No, it's not easy, it requires time and some dedication. But it is possible and it is a great help. By replacing negative thoughts with positive ones, you can greatly improve your mood and feeling of well-being. But how to do it? In this article we give you some tips to follow, designed and approved by the greatest scholars on the subject of cognitive therapy. However, first, you need to know that human beings tend to focus much more on negative thoughts than on positive ones, also because there is an area in the brain, called default mode, that stores the biggest worries, etc. This part is bigger than the one that keeps the good things. Therefore, it is this part (the one that stores the less good things) that becomes more easily active and makes us think about what worries us, scares us and so on.
However, sometimes it is rational and necessary to think about negative things to improve in certain aspects and avoid repeating mistakes. It is part of our survival system. The problem is that we abuse it, we can't easily stop doing it and we keep thinking about negative things in an irrational and exaggerated way.
Positivity is much more useful in resolving certain situations than negativity. A common example is a thought like: “ I always screw up .” Even though we tend to make some mistakes, we have certainly done (and are doing) things that went well where (when and how) we didn't “ screw it up ” . Therefore, this thought that is exaggerated, that is not true, makes us feel even more unhappy, anxious and depressed, without reason. Our thoughts affect our feelings and negative thoughts that are exaggerated increase the effects on (bad!) sensations. Imagine the emotional effect of the same thought if you changed it to something more precise, such as: “ Sometimes I screw things up. ” It's a slight change but it already makes a more accurate assessment of the situation and thoughts are not so full of negativity.
Therefore, what we recommend is that you try to evaluate, more precisely, the thoughts that appear in your mind – it is not easy, but try. Over time, this will make your emotional state generally more positive. Because positivity is much more useful for resolving certain situations than negativity. As such, and even though it's not easy to do, here are more tips that can help you in many moments:
Whenever you realize you're having a negative thought, check to make sure you're not exaggerating. If you are exaggerating, accept it calmly (we all do that) and then try to replace it with something more positive. Even if it means changing just one small word, as exemplified above. (If you find that you are angry, depressed, upset, or anxious, consider this a clue to help you examine your thoughts further.)
Check the accuracy of the facts that may have given rise to your thinking. Ask yourself:
- "Are my thoughts factual or could they just be my interpretation of that reality?";
- "How can I find out if my thoughts are really true?";
- "Am I not reaching negative conclusions too quickly?";
- "I've already realized that this thought I have now is about a fact. But is it always like this? Doesn't that fact change?"
Look for alternative explanations.
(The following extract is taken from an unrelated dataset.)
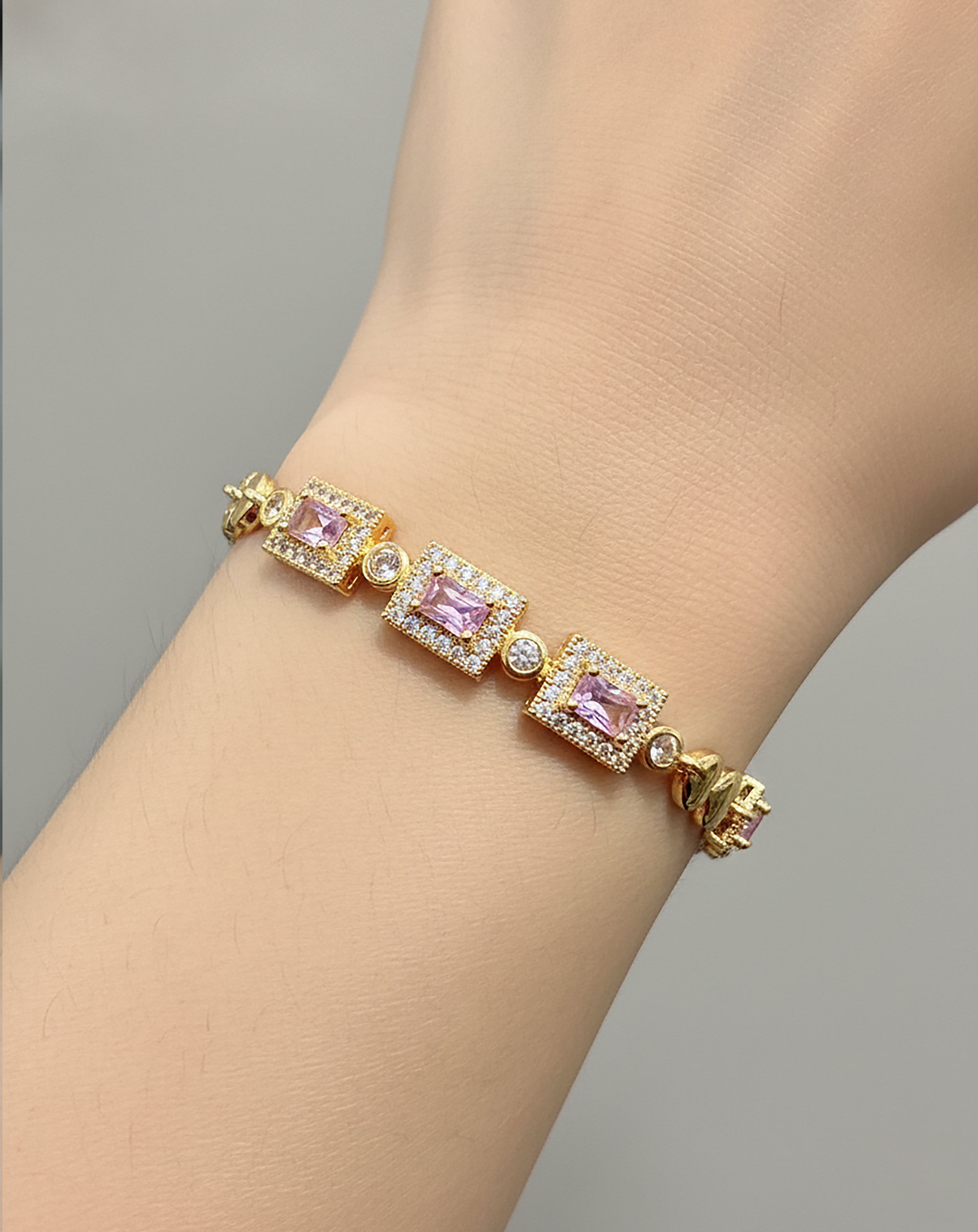 Elegant gold finish bracelet adorned with soft pink stones and sparkling accents for a luxurious look.

Ask yourself:
- "Are there other ways for me to see this situation?";
- "What else could this mean?";
- "If I wanted to be more positive, how would I view this situation?"
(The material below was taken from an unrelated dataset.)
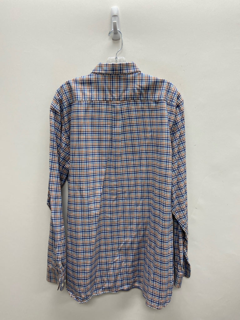 Alan Paine Size XL Blue/Cream Burgundy/Tan Checkered Men's Long Sleeve Shirt

Change perspective. When you're upset you're likely to think about things in a much more negative (or extreme) way than normal. This can make negative feelings much more pronounced. Putting things into another perspective can help you reduce such extreme self-talk. Ask yourself:
- "Is this situation as bad as I'm making it out to be?";
- "What's the worst thing that could happen? And how likely is that?";
- "What's the best thing that could happen?";
- "What is most likely to happen?";
- "Is there anything good in this situation?"
Use “goal-directed” thinking. Keep in mind that your current way of thinking may be self-defeating (i.e. it doesn't make you feel good or help you get what you want). Ask yourself:
- “Does thinking like this help me feel good or achieve my goals?”;
- “What can I do to solve the problem?”;
- "Is there anything I can learn from this situation to help me do better next time?"
Carry out a cost-benefit analysis of believing in your thoughts in this way. Ask yourself: “From zero to ten (zero being nothing and ten being a lot) how much does it hurt me to think negatively?”
Write down your answers and decide if there is more to be gained by believing that this thought is more harmful than beneficial. If you have the perception that it is more harmful than beneficial, try to let the thought go or, at least, think about the possibility that it is not as true as you think.
Note: the entire concept of Mindfulness , including meditative practices, help (a lot!) to work on negative thoughts. So, stop being lazy and take better care of yourself. It will bring you much more peace and happiness. It's worth the effort. Strength!
Vanda do Nascimento is a therapist, trainer and Mindfulness instructor at the Escola de Mindfulness Essencial , founded by her in 2016. She began her career as a teacher in 1997, obtaining a degree in Education. On that same date, he also began his studies in Reiki, Meditation and Mindfulness. Later, he embarked on the path of Psychology and delved even deeper into the topic of Mindfulness, in order to continue his fight to control stress and anxiety.